Understanding RTL (dumps)
kevin diggs
diggskevin38@gmail.com
Wed Apr 6 18:53:00 GMT 2011
Hi,
Sorry for the noise. I am trying to learn RTL. A simple function's
PowerPC RTL (gcc 3.4.6) has as one of the first RTL expressions:
(insn 3 2 4 (set (mem/f:SI (reg/f:SI 114 virtual-stack-vars) [0 u+0 S4 A32])
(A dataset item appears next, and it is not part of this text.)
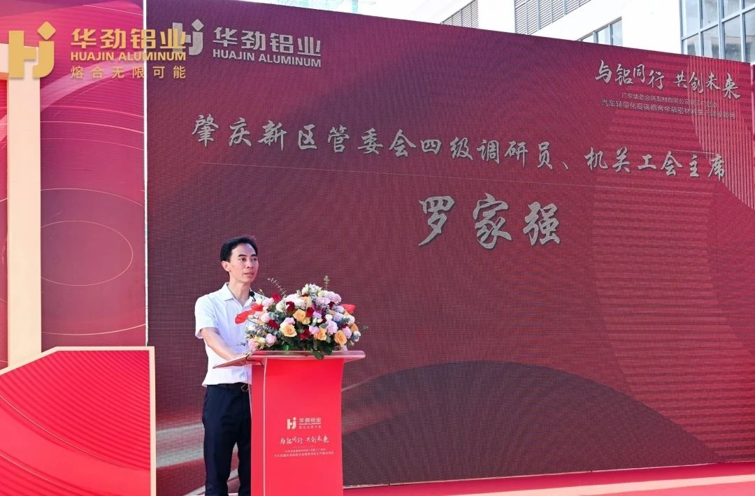 肇慶新區管委會四級調研員、機關工會主席羅家強先生致辭 肇慶新區管委會四級調研員、機關工會主席羅家強先生對華勁鋁業新工廠開業表示熱烈祝賀,并高度評價了華勁鋁業為肇慶新區、鼎湖區經濟發展做出的貢獻。他在致辭中表示,此次廣東華勁金屬肇慶新區增資擴建項目,將助力肇慶兩區新能源汽車產業快速發展,助推本地區產業轉型升級以及經濟高質量發展,未來新區政府將繼續為華勁鋁業在內的落戶企業提供高效優質的服務。

(reg:SI 3 3 [ u ])) -1 (nil)
(nil))
>From the gcc-int manual, the first 3 fields (arguments) are:
1) unique id
2) previous instruction chain
3) next instruction chain
The last four are: RTL expression for the side effect (pattern),
instruction code of match (-1 if not yet matched), dependent
instruction list, and note list.
So for this example (which I *think* is putting the register argument
(PowerPC ABI?) on the stack???):
1) 3
2) 2
3) 4
5) (set (mem/f:SI (reg/f:SI 114 virtual-stack-vars) [0 u+0 S4 A32])
(reg:SI 3 3 [u]) )
6) -1
7) (nil)
8) (nil)
I am having trouble reading the pattern (field 5). It is a set:
(set lval x)
Two arguments, in this case the address is a mem:
(mem/f:SI ...)
and the source (x) is a reg:
(reg:SI 3 3 [u])
A mem has two arguments:
(mem:m addr alias)
The addr appears to be a reg but regs only have one argument? What is
"virtual-stack-vars"? Is the stuff in square brackets the alias set?
It's a vector (list?), right?
The 'x' in the set is "(reg:SI 3 3 [u])". What is the second '3' and
the '[u]'???
Thanks!
kevin
P.S.: Almost forgot: what is the '/f'?